**** Information supplied

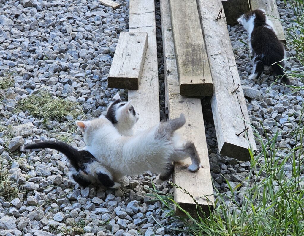 Together, the three Sibbings controlled access to the morning meal — but Tiger Dad is committed to killing them or driving them off. The balance of power is an uncertain one, and the addition of Attack Kitty to the mix doesn’t make things easier for this outdoor tribe.
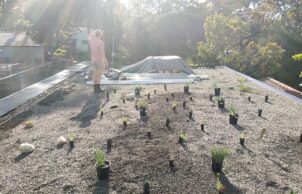 The garden is all native and includes several large rocky riverbeds with a large rain garden that collects and filters excessive rainwater runoff during heavy rain events.
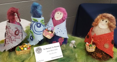 Another exciting stitching year is here. The Guelph guild has completed its registration and currently there are eighty-six members. This is comparable to last year. We find that a few members leave and some join in equal numbers. Often new members join after attending our spring Open House and many come with friends looking for new hobbies/activities. We also do outreach events that draw new members. This year’s events were Weftfest in May, and the Aberfoyle fall fair in September. This fall fair event includes a ‘make and take’ project for children. This year we taught over thirty kids of all ages to sew on buttons and stitch up pieces of felt to make stuffy ‘Dots”. Here are three photos of their earnest efforts. We also are displaying our members’ fabulous projects in a branch of the Guelph public library and the Evergreen Seniors’ Centre in the fall.

********

Copy out the data verbatim, with no pictures.

 Together, the three Sibbings controlled access to the morning meal — but Tiger Dad is committed to killing them or driving them off. The balance of power is an uncertain one, and the addition of Attack Kitty to the mix doesn’t make things easier for this outdoor tribe.
 The garden is all native and includes several large rocky riverbeds with a large rain garden that collects and filters excessive rainwater runoff during heavy rain events.
 Another exciting stitching year is here. The Guelph guild has completed its registration and currently there are eighty-six members. This is comparable to last year. We find that a few members leave and some join in equal numbers. Often new members join after attending our spring Open House and many come with friends looking for new hobbies/activities. We also do outreach events that draw new members. This year’s events were Weftfest in May, and the Aberfoyle fall fair in September. This fall fair event includes a ‘make and take’ project for children. This year we taught over thirty kids of all ages to sew on buttons and stitch up pieces of felt to make stuffy ‘Dots”. Here are three photos of their earnest efforts. We also are displaying our members’ fabulous projects in a branch of the Guelph public library and the Evergreen Seniors’ Centre in the fall.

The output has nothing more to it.